Training age – this one is where you look at how long you’ve been actively engaged in a form of training. Are you new to strength training or do you have loads of experience?
Mindset age – your mental attitude to your age can have a direct impact on how long you may live! In fact, The Atchley's Ohio Longitudinal Study of Aging and Retirement found that “people with more positive views of their own aging lived, on average, 7.6 years longer than people with more negative views.
Daniel Levitin’s book Successful Aging: A Neuroscientist Explores the Power and Potential of Our Lives discusses key factors in our thinking that may restrict us no matter our age. Do you tell yourself that you can’t do pushups? Do you think that you are never going to be able to get up early and go to the gym because you aren’t a morning person? Does the little voice inside your head tell you that you are no good at stretching as you simply aren’t flexible?

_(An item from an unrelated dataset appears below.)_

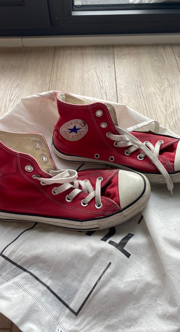 Kırmızı Converse yüksek tabanlı spor ayakkabılar, düz kauçuk tabanlı, gündelik kullanım için renkli ve zahmetsiz şıklık sunar. Desensiz, trend athleisure tarzına uygun. Ürünün bağcıkları orijinal değildir.

Levitin says that “you can change your brain and overcome limitations that you have encountered previously, not just with effort, but with focused directed learning.” This means you can flip the conversation you have with yourself and it is possible that you will be able to do push ups or get up early or touch your toes. It’s not your age that is holding you back, it’s your thinking! In fact, Levitin also says “I’m not saying that you are only as old as you feel, but you can set your mind to feel not as old as you are.” Hmmm, I think that today I feel 25 so I have loads of energy and I can take on the world!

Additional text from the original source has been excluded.